• **Exercise instructions**:
Give back the records below verbatim, please, but without a single image.

-- Source information follows --

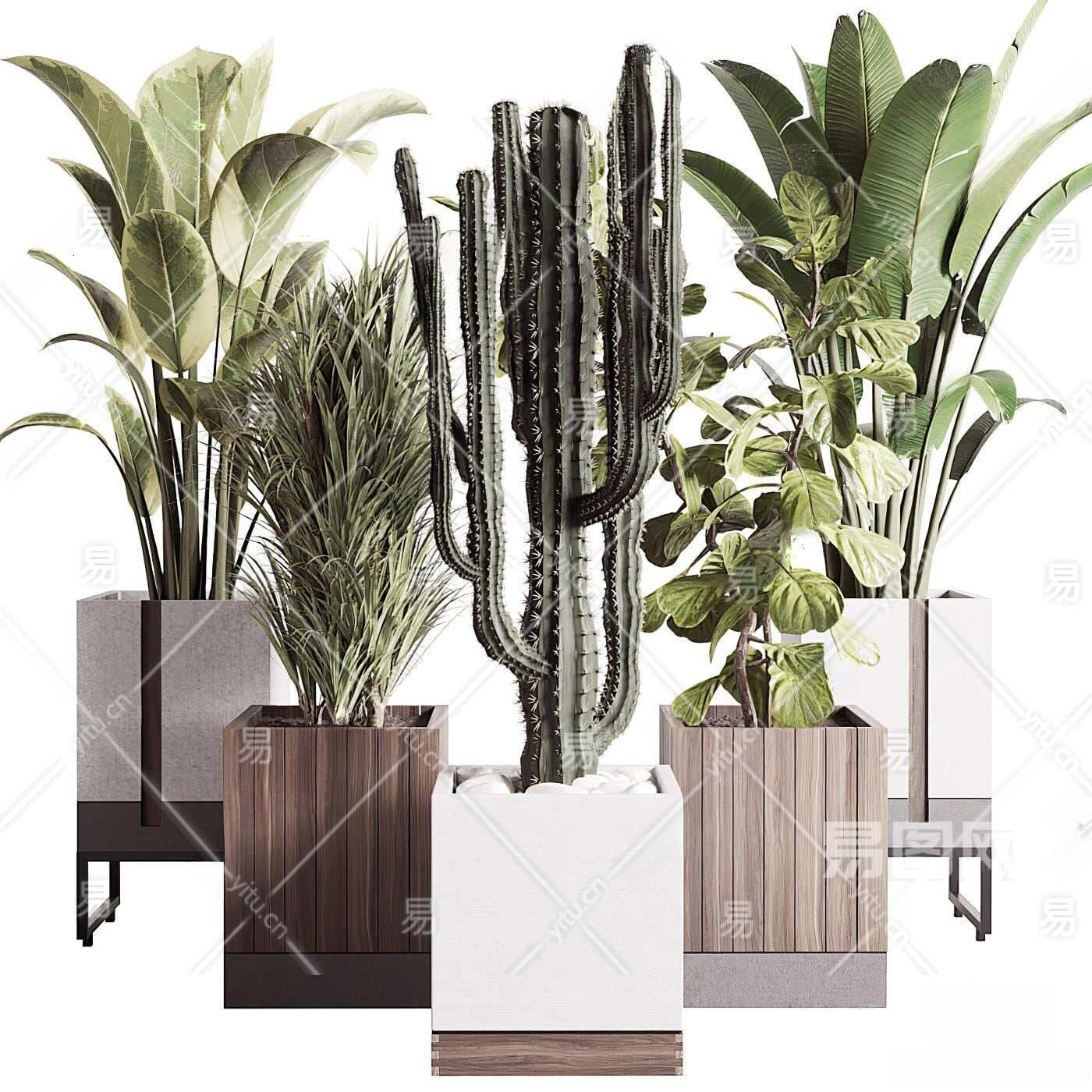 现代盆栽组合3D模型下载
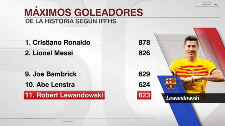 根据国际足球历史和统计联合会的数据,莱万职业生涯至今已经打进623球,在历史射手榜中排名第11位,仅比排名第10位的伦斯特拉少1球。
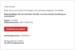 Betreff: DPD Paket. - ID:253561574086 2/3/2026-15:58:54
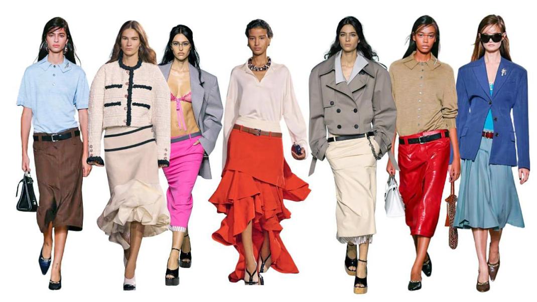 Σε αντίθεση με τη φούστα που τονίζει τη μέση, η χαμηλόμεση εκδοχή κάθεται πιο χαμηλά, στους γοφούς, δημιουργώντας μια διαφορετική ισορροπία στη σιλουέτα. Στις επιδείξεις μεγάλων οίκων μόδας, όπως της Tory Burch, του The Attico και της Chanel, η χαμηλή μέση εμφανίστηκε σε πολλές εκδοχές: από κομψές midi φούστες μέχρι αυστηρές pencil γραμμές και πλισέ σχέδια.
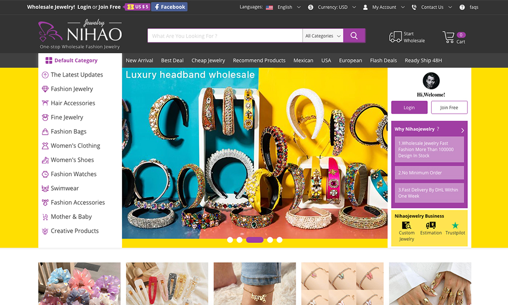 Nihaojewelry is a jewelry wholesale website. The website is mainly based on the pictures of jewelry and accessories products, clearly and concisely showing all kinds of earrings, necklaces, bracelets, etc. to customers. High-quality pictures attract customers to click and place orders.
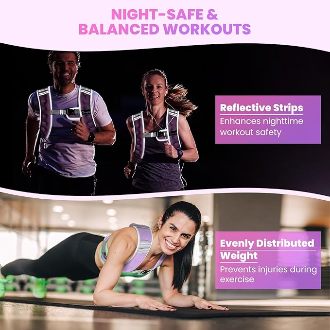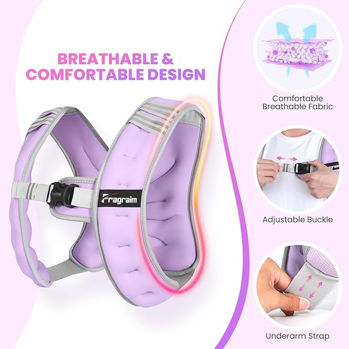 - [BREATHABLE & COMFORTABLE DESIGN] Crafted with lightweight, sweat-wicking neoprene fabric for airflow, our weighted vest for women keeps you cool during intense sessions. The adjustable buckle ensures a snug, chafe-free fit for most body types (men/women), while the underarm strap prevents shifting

-- Source information concluded --

• **The answer**:
 现代盆栽组合3D模型下载
 根据国际足球历史和统计联合会的数据,莱万职业生涯至今已经打进623球,在历史射手榜中排名第11位,仅比排名第10位的伦斯特拉少1球。
 Betreff: DPD Paket. - ID:253561574086 2/3/2026-15:58:54
 Σε αντίθεση με τη φούστα που τονίζει τη μέση, η χαμηλόμεση εκδοχή κάθεται πιο χαμηλά, στους γοφούς, δημιουργώντας μια διαφορετική ισορροπία στη σιλουέτα. Στις επιδείξεις μεγάλων οίκων μόδας, όπως της Tory Burch, του The Attico και της Chanel, η χαμηλή μέση εμφανίστηκε σε πολλές εκδοχές: από κομψές midi φούστες μέχρι αυστηρές pencil γραμμές και πλισέ σχέδια.
 Nihaojewelry is a jewelry wholesale website. The website is mainly based on the pictures of jewelry and accessories products, clearly and concisely showing all kinds of earrings, necklaces, bracelets, etc. to customers. High-quality pictures attract customers to click and place orders.
 - [BREATHABLE & COMFORTABLE DESIGN] Crafted with lightweight, sweat-wicking neoprene fabric for airflow, our weighted vest for women keeps you cool during intense sessions. The adjustable buckle ensures a snug, chafe-free fit for most body types (men/women), while the underarm strap prevents shifting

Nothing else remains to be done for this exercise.